Ele acusou Martins de ter proferido um “voto insultuoso” e fundado “numa percepção equivocada da realidade”. As medidas cautelares citadas pelo desembargador fazem parte de outro processo, inclusive uma ação em que Afif não é nem réu.
“Fugindo da boa técnica e utilizando-se de ataques pessoais gratuitos, o voto condutor do acórdão documentou neste processo insinuações ofensivas à honra deste magistrado que não podem simplesmente ficar sem um contraponto, pois passariam por verdadeiras, o que definitivamente não o são! Não há como apagar o que foi escrito e, portanto, é preciso ficar assentado o que segue, tal qual aconteceu no acórdão, para que a verdade prevaleça, mesmo que manifestação desta natureza seja incomum em peças jurídicas e gere enorme constrangimento a este juiz”, reagiu David de Oliveira Gomes Filho.
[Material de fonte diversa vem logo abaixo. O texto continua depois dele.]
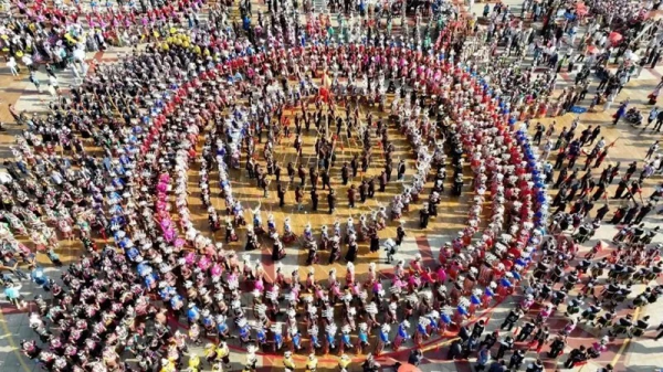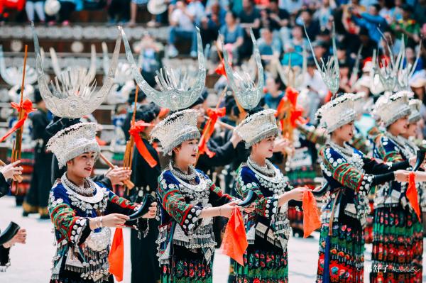 以西江千戶苗寨景區(qū)姑媽籃球場為核心,組織開展苗族敬酒歌、游方對唱、偷親表演、蘆笙演奏、團(tuán)結(jié)舞等節(jié)目,向游客展示西江千戶苗寨獨(dú)有的民族歌舞展演和民風(fēng)民俗,讓游客深入體驗(yàn)苗族的民族風(fēng)情。

A reação do magistrado, que também tem sido contundente nos julgamentos das ações envolvendo a Operação Lama Asfáltica, foi diferente do juiz Bruno Cezar da Cunha Teixeira, da 3ª Vara Federal de Campo Grande. Por suspeição, ele foi afastado da Operação Lama Asfáltica e teve as decisões anuladas sobre Edson Giroto pela 5ª Turma do Tribunal Regional Federal da 3ª Região.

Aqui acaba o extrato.